TASK ITEM: Leaving out the pictures, return word for word the stretch of entries below from the line holding "우선 10년동안 가격이 어느정도 오르는게 불로소득(?)인지" through the line holding "The 777SX Game is".

[Entries taken from a collection]
+===+
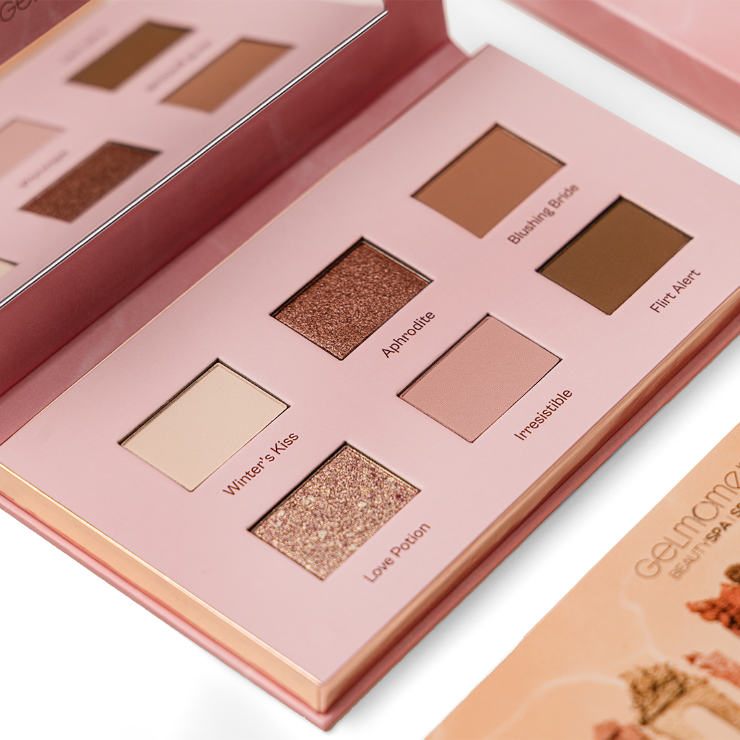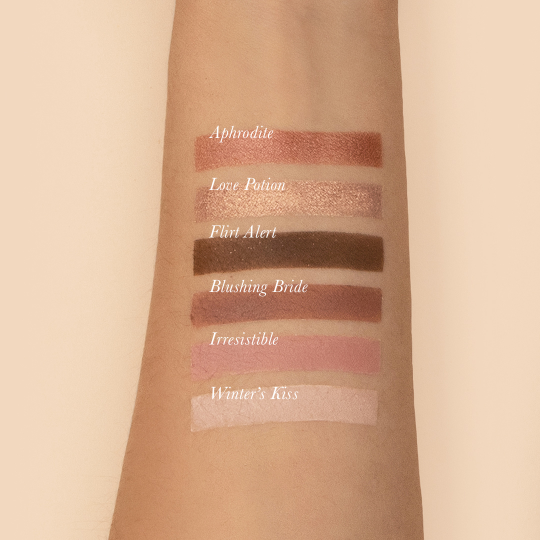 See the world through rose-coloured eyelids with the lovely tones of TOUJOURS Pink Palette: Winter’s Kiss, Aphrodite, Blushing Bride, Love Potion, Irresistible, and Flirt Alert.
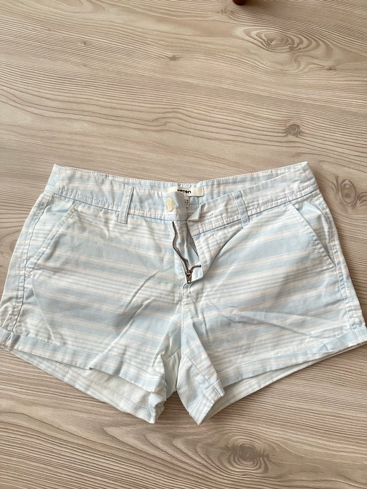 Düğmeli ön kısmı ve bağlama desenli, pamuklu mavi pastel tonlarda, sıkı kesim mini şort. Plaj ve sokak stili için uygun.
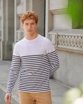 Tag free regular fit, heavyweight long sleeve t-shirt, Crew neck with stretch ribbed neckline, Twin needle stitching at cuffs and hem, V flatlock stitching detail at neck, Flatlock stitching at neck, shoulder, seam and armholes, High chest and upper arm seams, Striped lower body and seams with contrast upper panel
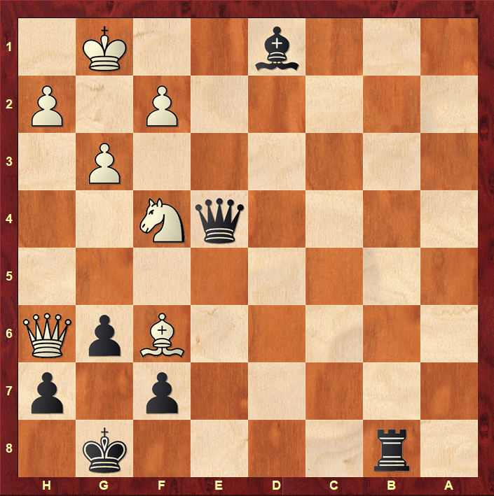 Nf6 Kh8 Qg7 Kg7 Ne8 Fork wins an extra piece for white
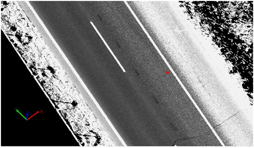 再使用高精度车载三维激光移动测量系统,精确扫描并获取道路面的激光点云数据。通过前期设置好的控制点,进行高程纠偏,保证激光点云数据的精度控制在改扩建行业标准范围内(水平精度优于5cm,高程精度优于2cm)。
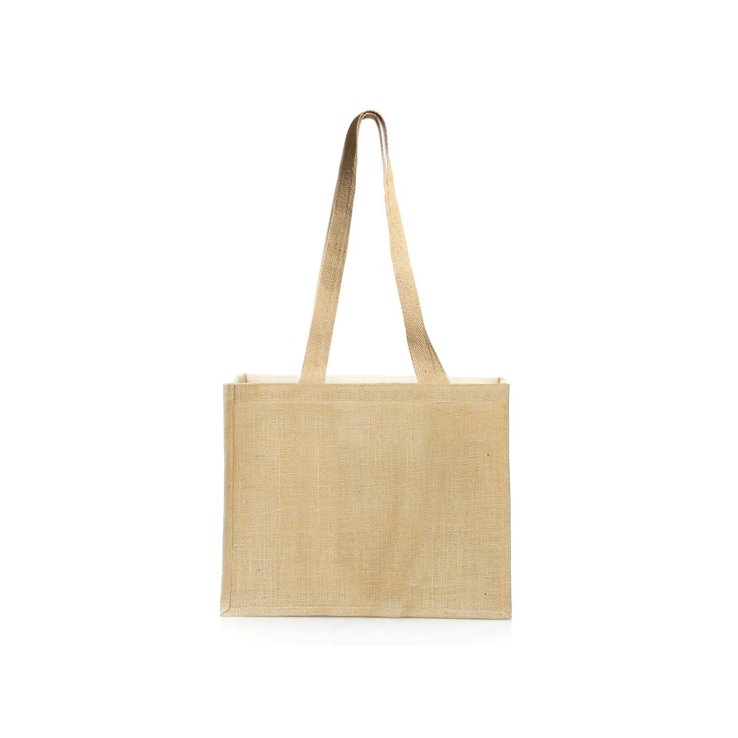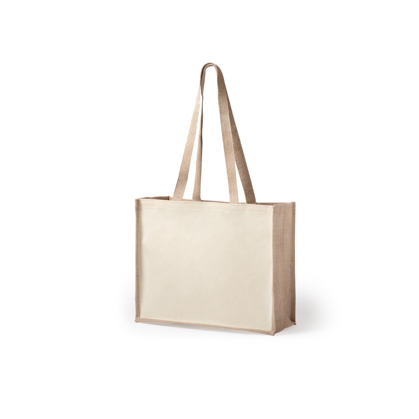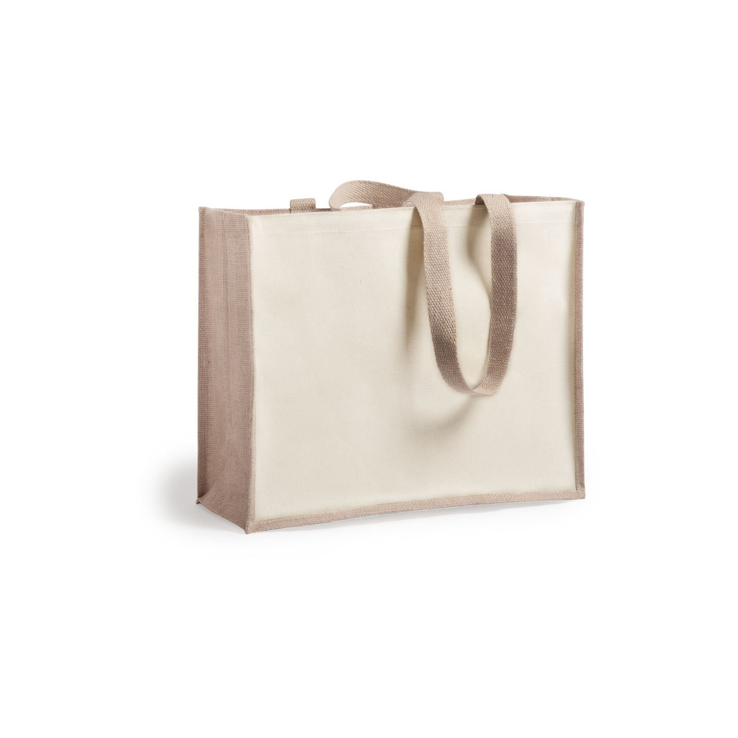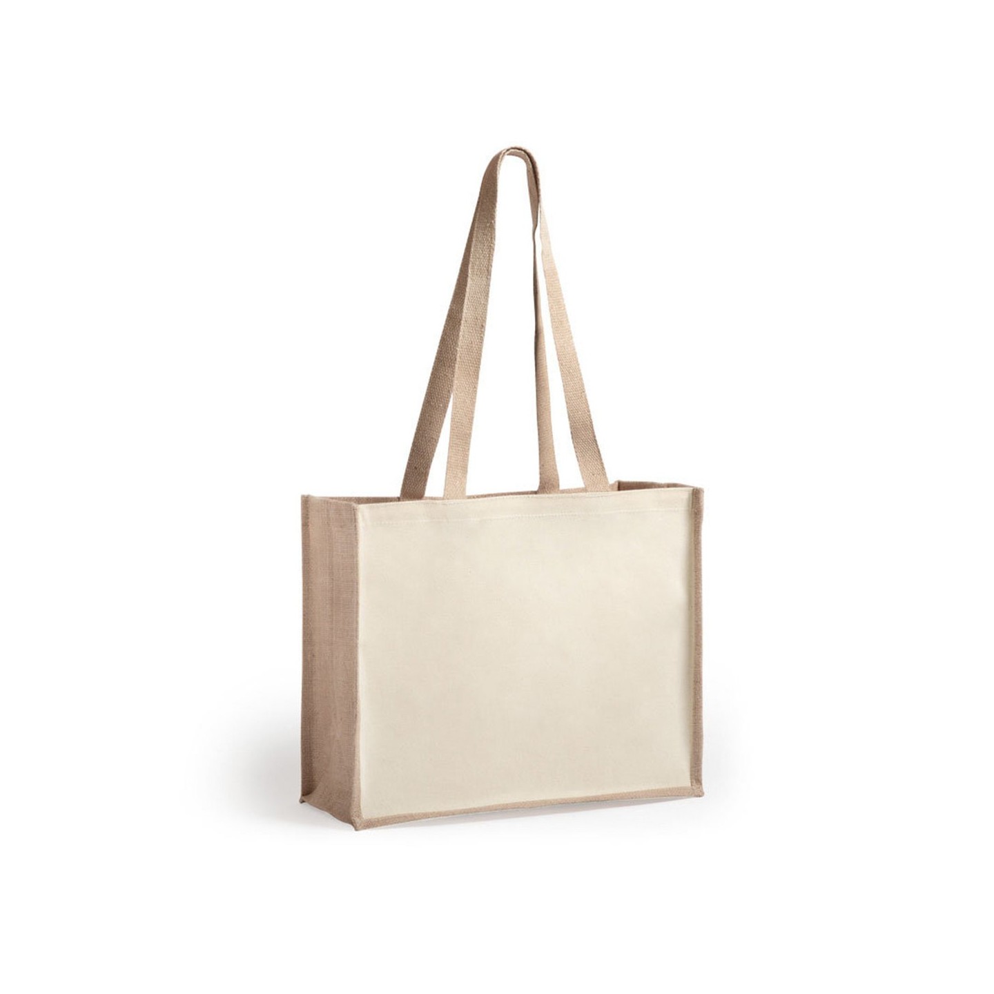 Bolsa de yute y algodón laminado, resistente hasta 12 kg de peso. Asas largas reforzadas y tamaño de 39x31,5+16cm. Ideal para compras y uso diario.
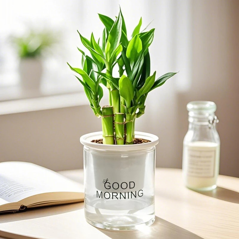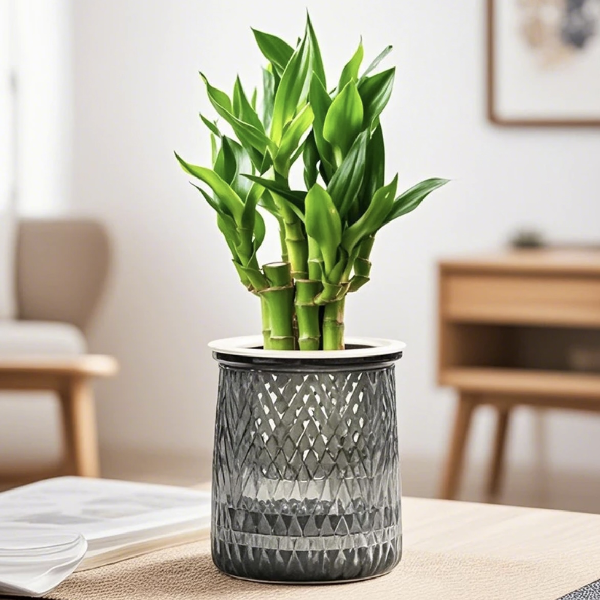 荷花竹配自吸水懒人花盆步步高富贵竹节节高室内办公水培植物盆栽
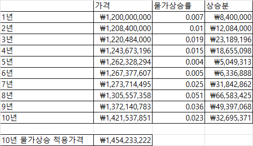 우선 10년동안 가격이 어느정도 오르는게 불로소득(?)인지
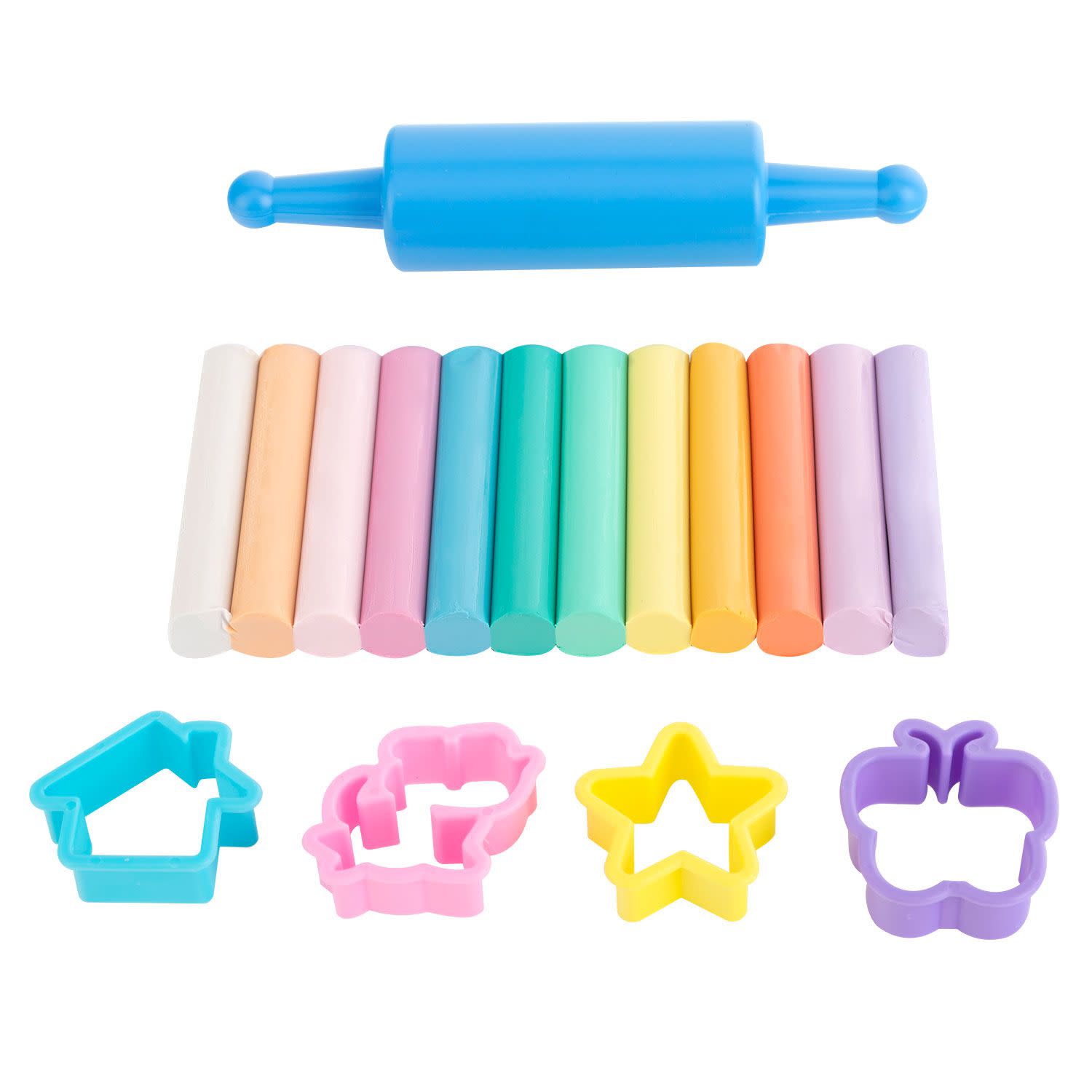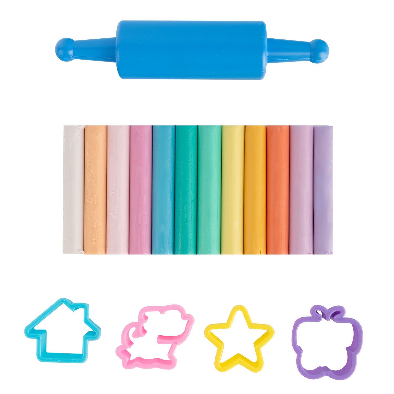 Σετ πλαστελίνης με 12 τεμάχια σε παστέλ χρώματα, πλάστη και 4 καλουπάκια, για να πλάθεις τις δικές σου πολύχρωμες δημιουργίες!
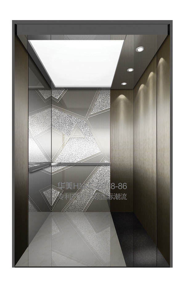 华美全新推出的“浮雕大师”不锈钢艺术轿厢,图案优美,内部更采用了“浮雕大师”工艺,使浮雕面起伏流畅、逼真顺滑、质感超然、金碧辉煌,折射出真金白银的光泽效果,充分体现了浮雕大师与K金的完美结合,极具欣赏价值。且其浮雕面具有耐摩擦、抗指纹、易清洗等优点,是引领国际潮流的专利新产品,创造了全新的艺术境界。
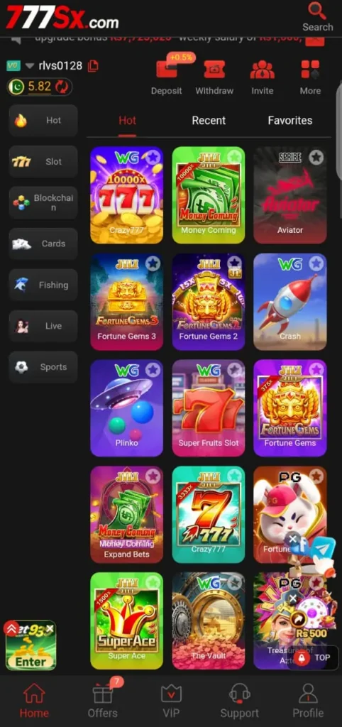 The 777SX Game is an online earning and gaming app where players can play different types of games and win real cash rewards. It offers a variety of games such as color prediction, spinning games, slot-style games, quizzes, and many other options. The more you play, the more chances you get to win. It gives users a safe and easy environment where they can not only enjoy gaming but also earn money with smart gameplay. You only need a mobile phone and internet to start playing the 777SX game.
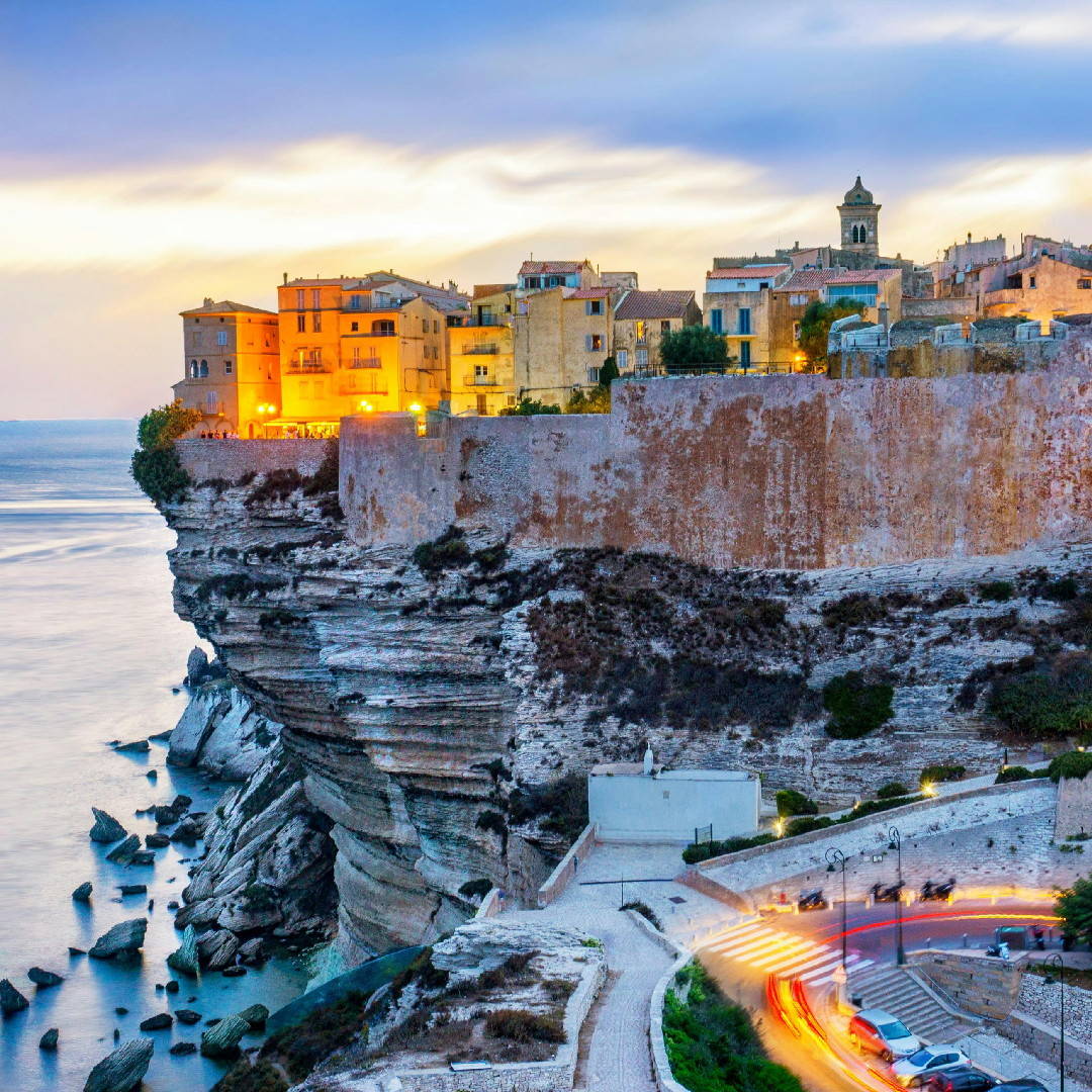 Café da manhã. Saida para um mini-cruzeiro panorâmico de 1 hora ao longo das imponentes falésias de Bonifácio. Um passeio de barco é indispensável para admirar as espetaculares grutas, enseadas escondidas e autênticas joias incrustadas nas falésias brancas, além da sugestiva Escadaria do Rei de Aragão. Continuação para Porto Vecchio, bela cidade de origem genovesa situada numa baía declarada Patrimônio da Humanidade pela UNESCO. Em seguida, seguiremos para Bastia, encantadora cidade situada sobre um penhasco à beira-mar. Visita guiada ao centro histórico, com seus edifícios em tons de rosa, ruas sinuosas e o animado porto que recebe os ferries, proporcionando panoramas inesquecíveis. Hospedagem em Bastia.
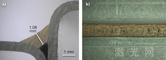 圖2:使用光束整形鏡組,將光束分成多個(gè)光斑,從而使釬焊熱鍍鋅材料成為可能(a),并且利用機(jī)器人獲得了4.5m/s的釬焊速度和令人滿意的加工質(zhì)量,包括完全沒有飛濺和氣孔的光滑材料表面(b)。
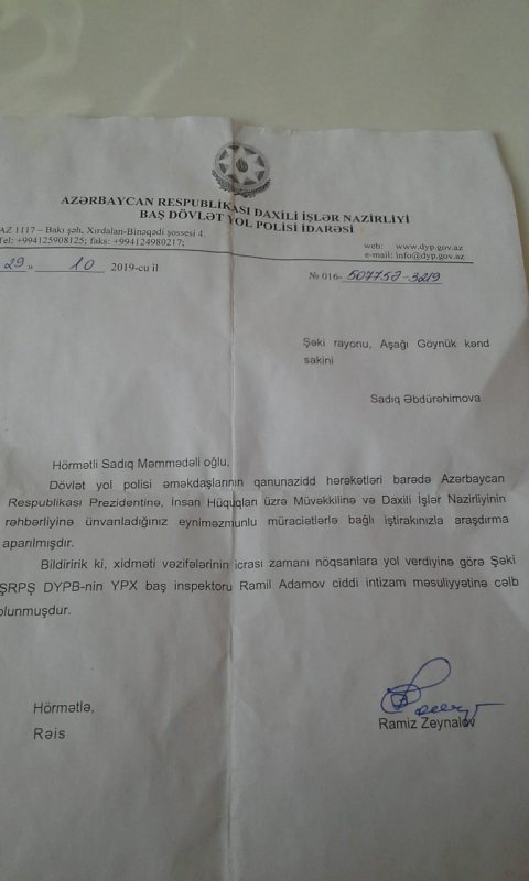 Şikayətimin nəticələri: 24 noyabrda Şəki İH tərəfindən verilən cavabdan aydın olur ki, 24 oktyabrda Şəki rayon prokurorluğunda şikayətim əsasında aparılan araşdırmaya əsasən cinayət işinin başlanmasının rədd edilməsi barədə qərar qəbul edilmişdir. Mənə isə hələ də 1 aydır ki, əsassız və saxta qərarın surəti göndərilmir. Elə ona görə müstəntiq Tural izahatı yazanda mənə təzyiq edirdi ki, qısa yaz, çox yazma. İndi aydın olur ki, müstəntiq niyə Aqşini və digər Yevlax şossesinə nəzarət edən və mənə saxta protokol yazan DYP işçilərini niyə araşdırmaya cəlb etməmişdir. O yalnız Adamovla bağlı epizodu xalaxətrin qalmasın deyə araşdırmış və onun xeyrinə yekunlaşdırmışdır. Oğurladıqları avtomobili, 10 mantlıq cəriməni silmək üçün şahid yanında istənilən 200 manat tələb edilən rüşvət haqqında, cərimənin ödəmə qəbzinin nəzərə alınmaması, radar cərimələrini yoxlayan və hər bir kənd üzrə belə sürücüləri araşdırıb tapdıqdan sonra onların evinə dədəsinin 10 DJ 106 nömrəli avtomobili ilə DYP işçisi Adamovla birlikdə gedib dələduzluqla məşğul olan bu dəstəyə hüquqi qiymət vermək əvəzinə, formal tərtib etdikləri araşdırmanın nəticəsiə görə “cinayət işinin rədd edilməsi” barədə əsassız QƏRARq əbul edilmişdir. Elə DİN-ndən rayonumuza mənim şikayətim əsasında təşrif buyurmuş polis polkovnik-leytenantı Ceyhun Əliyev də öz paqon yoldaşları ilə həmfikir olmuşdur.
+===+
SOLUTION TO THE EXERCISE:
 우선 10년동안 가격이 어느정도 오르는게 불로소득(?)인지
 Σετ πλαστελίνης με 12 τεμάχια σε παστέλ χρώματα, πλάστη και 4 καλουπάκια, για να πλάθεις τις δικές σου πολύχρωμες δημιουργίες!
 华美全新推出的“浮雕大师”不锈钢艺术轿厢,图案优美,内部更采用了“浮雕大师”工艺,使浮雕面起伏流畅、逼真顺滑、质感超然、金碧辉煌,折射出真金白银的光泽效果,充分体现了浮雕大师与K金的完美结合,极具欣赏价值。且其浮雕面具有耐摩擦、抗指纹、易清洗等优点,是引领国际潮流的专利新产品,创造了全新的艺术境界。
 The 777SX Game is an online earning and gaming app where players can play different types of games and win real cash rewards. It offers a variety of games such as color prediction, spinning games, slot-style games, quizzes, and many other options. The more you play, the more chances you get to win. It gives users a safe and easy environment where they can not only enjoy gaming but also earn money with smart gameplay. You only need a mobile phone and internet to start playing the 777SX game.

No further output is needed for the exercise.